Ele queria me beijar. E seria um dia perfeito para isso. Um daqueles em que o ar é agradável, o sorriso sincero e lá fora chuvoso. Há algumas semanas eu o visitava no trabalho e batíamos um papo legal sobre sexo, passado e estudos. Com o tempo tudo foi fluindo para amores, futuro e livros. E ríamos, e brigávamos. E me encantava com seu charme, seu sorriso rasgado e a pele branca. Sempre tive queda por peles brancas. Deve ser culpa dos opostos.
Não, eu não tentava seduzir ou até mesmo conquistá-lo. Talvez a idéia tenha se passado por minha cabeça duas ou três vezes, nada sério e nunca posto em prática. Eu precisava de um amigo. Um desses que veem filmes e pipocas, choram no ombro do outro, fazem inglês, tudo juntos. E apesar de querer que fosse ele, ainda as idéias afloravam.
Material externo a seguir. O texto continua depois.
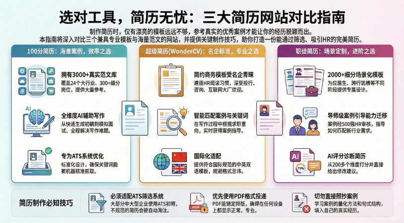 本文推荐了三款专业的简历制作网站,帮助求职者解决简历撰写难题。100分简历提供3000+真实案例和AI辅助功能;超级简历(WonderCV)以专业简洁风格著称,适合外企求职;职徒简历则专注于跨行业求职指导。文章对比了三者的特色功能,并解答了关于ATS系统、简历格式等常见问题,建议求职者参考案例但不要照抄,优先选择PDF格式投递简历。

Idéias que envolviam beijos, toques, com sabor de sorvete de morango.
E por isso ou talvez não, continuava indo vê-lo, naquela salinha gelada com treze graus. Censurando-me as vezes por desejar aquecer minha mão em seus cabelos pretos, e o coração perto de seu peito largo e levemente definido em uma blusa branca.
Já havia me acostumado a contar as coisas não tão interessantes da minha vida a ele, e dos meus romances, que eram e ainda são como montanha russa: altos e baixíssimos.
Subi as escadas naquele dia, sem ninguém. Meu ficante-meio-sério tinha entrado para uma seita religiosa sem sexo e estava querendo virar santo (pelo menos era a desculpa que eu rinha dado para mim) e me largado sem dó, coisa que um santo não faria.
Pedi para ele sair da sala para conversarmos melhor. Ele saiu, e eu o abracei. O desgraçado acabou comigo. E como você ta? Ta chorando? Não. Ei, olhe para mim.
Mas eu não queria olhar, eu não sentia mais tristeza. Sentir seu corpo perto do meu me desconcentrou. Era tão aconchegante, cheirava tão bem. Apoiei meu rosto em seu ombro e desejei permanecer ali para sempre. Dá para ficar quieto e me abraçar? Estava claro que aproveitava do seu calor irresistível. Mas ele não se importou, esperou apenas.
Eu podia te fazer uma visita um dia desses. É, talvez. Meu flerte era visível, assim como seu sorriso. Por um breve momento fiquei perto da parede, sua mão na minha cintura. Cinco segundos suspensos no ar. Ele queria me beijar. Ao contrário, se afastou, saindo do momento. Preciso voltar para o trabalho. Tudo bem. Quis pará-lo, segurar seu rosto, dedilhar sua pele macia. Apenas aceitei a verdade, seriamos amigos. E os cinco segundos, o sorvete, o filme e o ombro, nunca mais. C
Um comentário:
O preço que se paga por alimentar as coisas num ponto que não tem como reparar, é amargo. Tentar o improvável ou ser frio e encarar a realidade? Dúvida amarga também.